PROBLEM STATEMENT:
Among the lines below, the one containing "A continuación se" opens the range and the one containing "2、解压安装压缩包:tar -xvzf Python-3.5.6.tgz,出现如下目录。" closes it. Print that range exactly, without the pictures.

PROVIDED RECORDS:
* * *

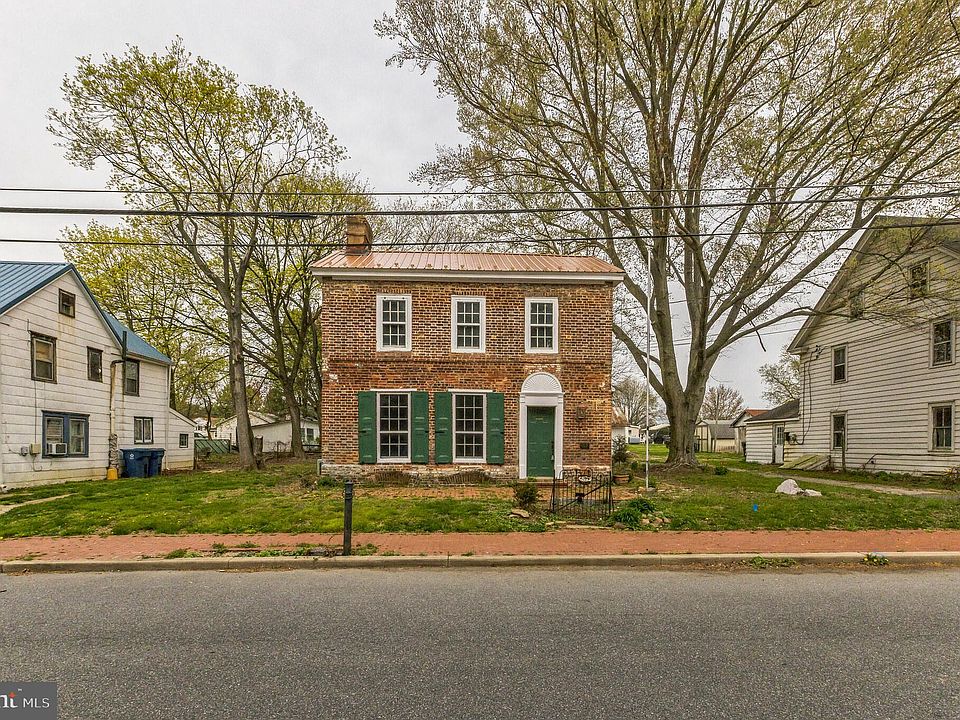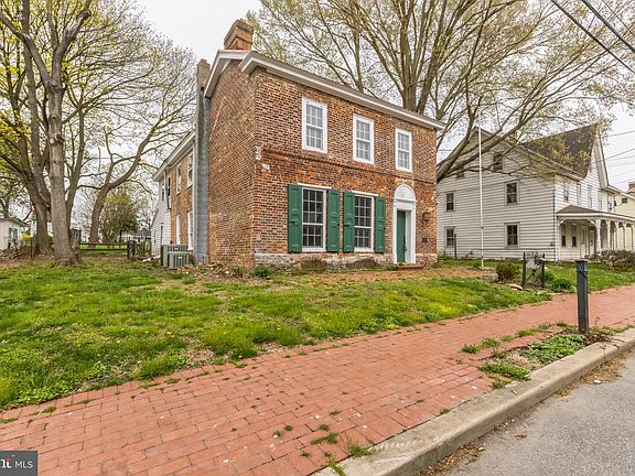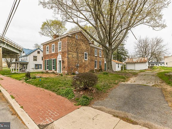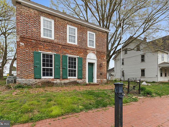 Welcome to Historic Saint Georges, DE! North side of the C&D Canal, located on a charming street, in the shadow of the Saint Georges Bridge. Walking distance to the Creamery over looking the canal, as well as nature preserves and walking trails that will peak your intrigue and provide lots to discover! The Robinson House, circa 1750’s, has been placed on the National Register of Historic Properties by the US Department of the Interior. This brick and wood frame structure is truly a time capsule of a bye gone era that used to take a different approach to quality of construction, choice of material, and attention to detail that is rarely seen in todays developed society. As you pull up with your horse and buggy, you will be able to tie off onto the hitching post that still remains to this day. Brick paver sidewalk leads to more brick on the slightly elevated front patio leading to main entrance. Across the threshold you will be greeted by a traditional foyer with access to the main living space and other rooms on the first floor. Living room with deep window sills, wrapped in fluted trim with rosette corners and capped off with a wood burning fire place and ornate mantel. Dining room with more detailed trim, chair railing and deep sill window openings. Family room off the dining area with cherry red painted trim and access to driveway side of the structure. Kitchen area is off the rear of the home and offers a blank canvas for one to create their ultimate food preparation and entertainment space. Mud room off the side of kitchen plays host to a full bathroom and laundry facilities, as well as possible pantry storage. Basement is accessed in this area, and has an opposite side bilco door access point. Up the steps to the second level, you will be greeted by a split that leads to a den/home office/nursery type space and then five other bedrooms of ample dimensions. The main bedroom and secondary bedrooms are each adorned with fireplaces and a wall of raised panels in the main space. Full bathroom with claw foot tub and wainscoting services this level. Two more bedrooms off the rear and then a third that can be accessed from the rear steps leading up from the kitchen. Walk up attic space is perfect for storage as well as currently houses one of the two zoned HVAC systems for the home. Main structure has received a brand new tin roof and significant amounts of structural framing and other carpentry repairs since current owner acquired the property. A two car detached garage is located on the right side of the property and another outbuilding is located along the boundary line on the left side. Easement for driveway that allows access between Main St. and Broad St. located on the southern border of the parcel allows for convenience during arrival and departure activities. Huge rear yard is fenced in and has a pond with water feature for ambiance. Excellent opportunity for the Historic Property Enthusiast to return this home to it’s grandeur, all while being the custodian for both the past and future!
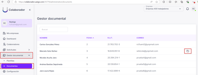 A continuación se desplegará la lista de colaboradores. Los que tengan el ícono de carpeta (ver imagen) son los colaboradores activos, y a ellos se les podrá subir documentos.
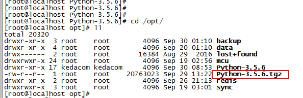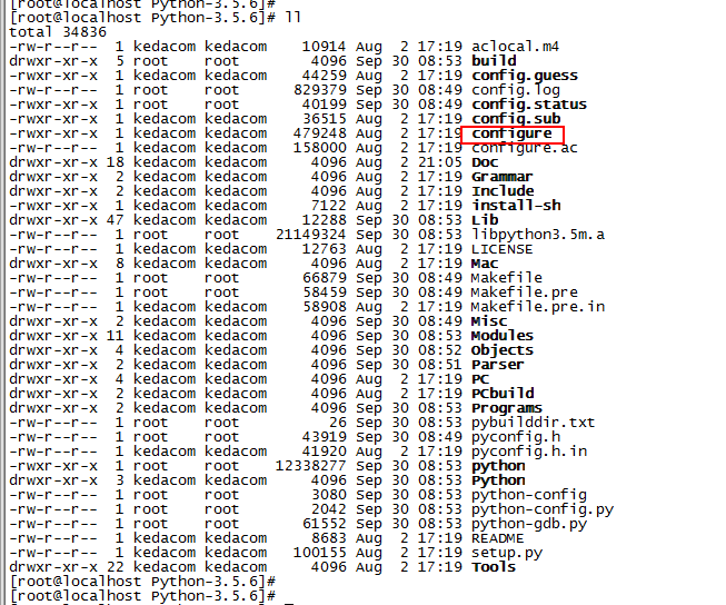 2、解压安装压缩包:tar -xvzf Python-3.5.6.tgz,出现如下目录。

* * *

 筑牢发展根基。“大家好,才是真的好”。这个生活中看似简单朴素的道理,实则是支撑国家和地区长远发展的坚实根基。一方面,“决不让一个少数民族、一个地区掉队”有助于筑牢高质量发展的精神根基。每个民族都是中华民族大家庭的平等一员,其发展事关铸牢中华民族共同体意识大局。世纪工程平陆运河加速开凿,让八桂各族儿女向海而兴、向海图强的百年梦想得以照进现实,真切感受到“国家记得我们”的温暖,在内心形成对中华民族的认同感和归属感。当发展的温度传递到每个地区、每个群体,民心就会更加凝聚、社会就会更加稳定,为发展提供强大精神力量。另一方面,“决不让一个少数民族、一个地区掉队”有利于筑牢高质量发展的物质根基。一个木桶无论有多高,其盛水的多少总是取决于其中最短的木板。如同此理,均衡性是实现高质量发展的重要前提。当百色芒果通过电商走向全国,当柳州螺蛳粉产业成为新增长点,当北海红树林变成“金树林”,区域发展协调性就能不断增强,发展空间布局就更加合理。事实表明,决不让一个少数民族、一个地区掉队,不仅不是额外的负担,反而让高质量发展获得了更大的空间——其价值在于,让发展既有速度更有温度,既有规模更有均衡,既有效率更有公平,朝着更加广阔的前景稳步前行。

* * *

ANSWER BELOW:
 A continuación se desplegará la lista de colaboradores. Los que tengan el ícono de carpeta (ver imagen) son los colaboradores activos, y a ellos se les podrá subir documentos.
 2、解压安装压缩包:tar -xvzf Python-3.5.6.tgz,出现如下目录。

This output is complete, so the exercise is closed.